Back in Fort Worth, Oswald still headed down the dead-end street, allied himself with the Fair Play for Cuba Committee, a New York-headquartered pro-Castro outfit that holds a prominent place on the Communist front organization lists of both the State Department and the Department of Justice. In an erratic bit of derring-do, Oswald went to New Orleans last July. There he tried to infiltrate the Cuban Revolutionary Student Directorate, a militant crew of anti-Castro raiders, by offering his Marine experience to teach military tactics to members. Directorate leaders were leary of Oswald—and they were furious when, only a little later, they saw him passing out “Hands Off Cuba” pamphlets on a New Orleans street corner. Hot words and a scuffle followed. Oswald was fined $10 for disturbing the peace. Soon afterward he took his wife and two small children to Dallas, landed a job as a warehouse man in the same building from which President Kennedy and Governor Connally were shot.
As the overwhelming evidence piled up against Oswald, police decided to transfer him to a maximum security jail. At 11:20 a.m., Oswald was led into the basement garage of City Hall and toward a nearby armored car.
Just then another car drove up. A man got out and jumped over a three-foot-high rail. He broke through a cordon of Dallas cops—who were certainly not having one of their good weeks —and approached Oswald almost as though he were going to shake hands. He was Jack Ruby (born Rubinstein) a stocky, balding 50-year-old bachelor who owns a couple of Dallas strip joints, was known to cops as a publicity-seeking pest.

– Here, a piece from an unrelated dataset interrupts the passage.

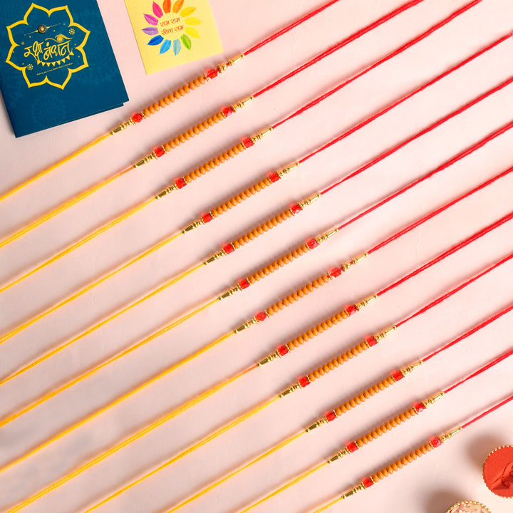 Beaded Bhaiya Rakhi Set of 2: Bedecked with colorful beads, these rakhis represent the joyous moments and cherished memories of growing up together. Embrace nostalgia and affection with this delightful beaded rakhi set.

Now, Ruby was carrying a revolver. He fired just once, and Oswald, hit on the left side just beneath the heart, doubled over. In a chaotic scene, some cops grabbed Ruby, others carried Oswald to an ambulance. He was rushed to Parkland Hospital. For two hours, doctors labored to save his life. According to the medical announcement, he had suffered a “massive injury to the abdomen with major vessel injury.” Bleeding was finally controlled, but Oswald then suffered a “spontaneous stopping of the heart.” An incision was made, and the doctors began massaging Oswald’s heart with their hands—but the treatment did not work.